Tuesday, January 8, 2013

Cops to exhume teen's body


A teenage boy’s questionable suicide in 1992, two years before his older sister’s mangled remains were found in a burning suitcase, is now the subject of a Toronto Police cold case investigation.
Det.-Sgt. Steve Ryan revealed Monday the remains of Dwayne Biddersingh will be dug up more than two decades after the 15-year-old plunged to his death at a Parkdale highrise.
“We don’t want to miss anything,” said Ryan. “So in the name of thoroughness, we’ve arranged to have Dwayne’s body exhumed at the end of the month.”
Investigators have ruled the boy’s tumble from the balcony of his family’s 22nd-floor apartment on Close Ave. a suicide, but Ryan wants to take a fresh look at the teen’s death in light of how his older sister met her demise.
Melonie Biddersingh, 17, vanished in 1994 but was never reported missing by her family.
A teenage girl’s charred remains were found that same year stuffed in a suitcase after a fire was doused behind an industrial building in Vaughan.
The victim, who remained unidentified for 18 years, was malnourished and had extensive injuries that a forensic pathologist later speculated may have been suffered in a fall from a great height.
It’s believed the fractures to her back, ribs, pelvis, knee and ankle would have left her immobile and in tremendous pain in the weeks or months prior to her death.
In February 2012, police received a tip that allowed them to finally crack the cold case and identify the girl’s remains.
Melonie’s father and step-mother were arrested the following month in Welland, Ont.
Everton Biddersingh, 56, who remains in custody, and his wife, Elaine, 50, who was released on bail in November, each face a charge of first-degree murder.
News of Melonie’s death intensified lingering doubts her biological mother, Opal Austin, and a close family friend, Elias Azan — who both lived in Jamaica — had about the so-called suicide of her younger brother Dwayne.
“I never believed he killed himself and I told police in Toronto at the time they need to dig deeper,” Azan told the Toronto Sun at the time.
The former Jamaican cop, who helped raise Dwayne and Melonie, admitted feeling responsible for their deaths because he encouraged Austin to send her kids to live with their dad in Canada for a chance at a better life.

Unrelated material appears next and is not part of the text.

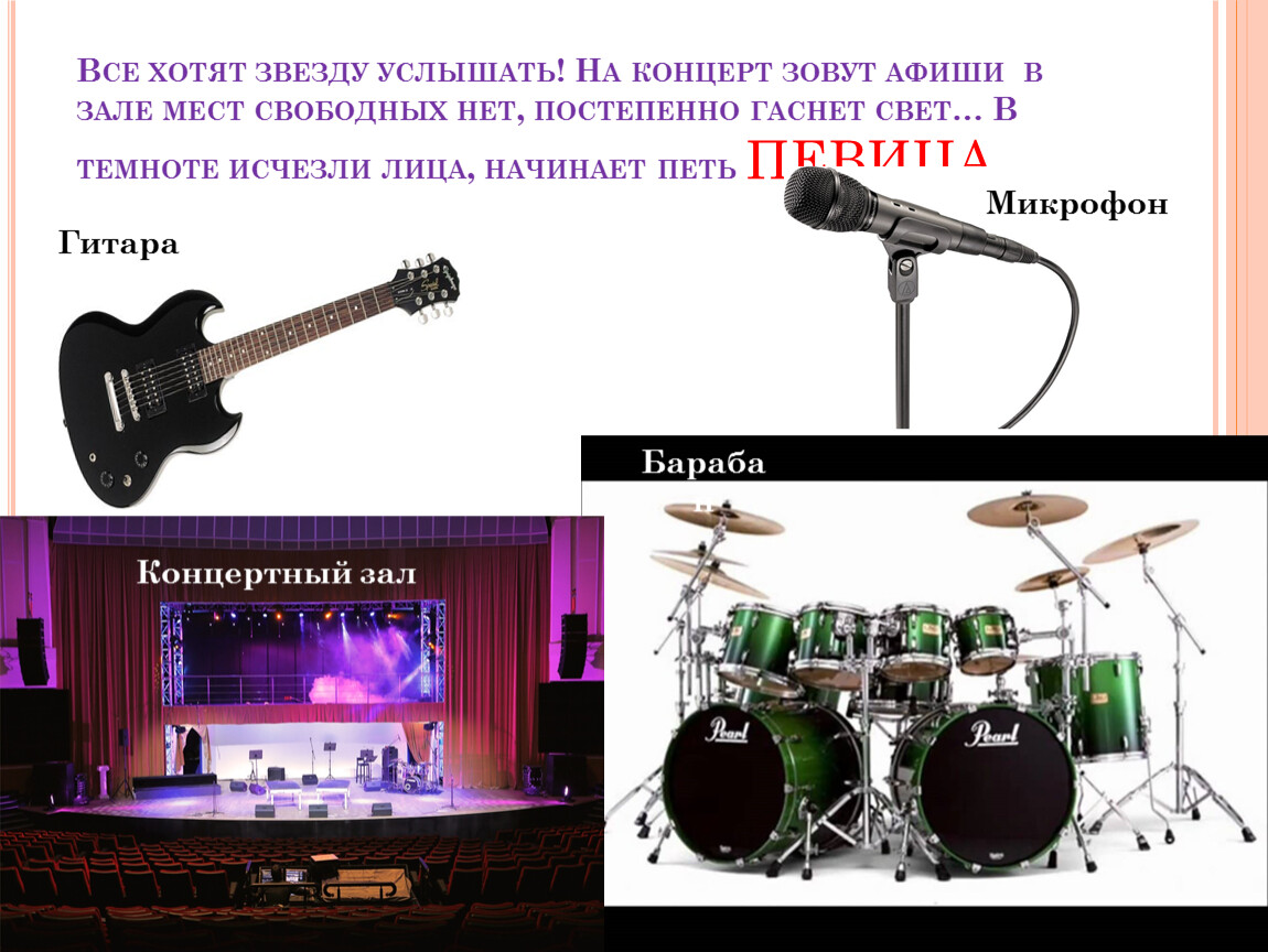 Все хотят звезду услышать! На концерт зовут афиши в зале мест свободных нет, постепенно гаснет свет… В темноте исчезли лица, начинает петь ПЕВИЦА

Dwayne’s body, which is buried in Toronto, will be removed from its grave Jan. 22 and examined by a forensic pathologist.
Ryan said it was a difficult but necessary decision.
“It’s a tough thing to do, to disturb a little boy,” the veteran detective said. “But just so we’re sure we haven’t missed anything, we’re going to have him exhumed.”
Ryan said there is no evidence to suggest Dwayne’s death was anything other than a suicide at this point.
“But we want to make sure there was no other reason he went over that balcony,” he said. “And if there was foul play, then we want to know who did it.”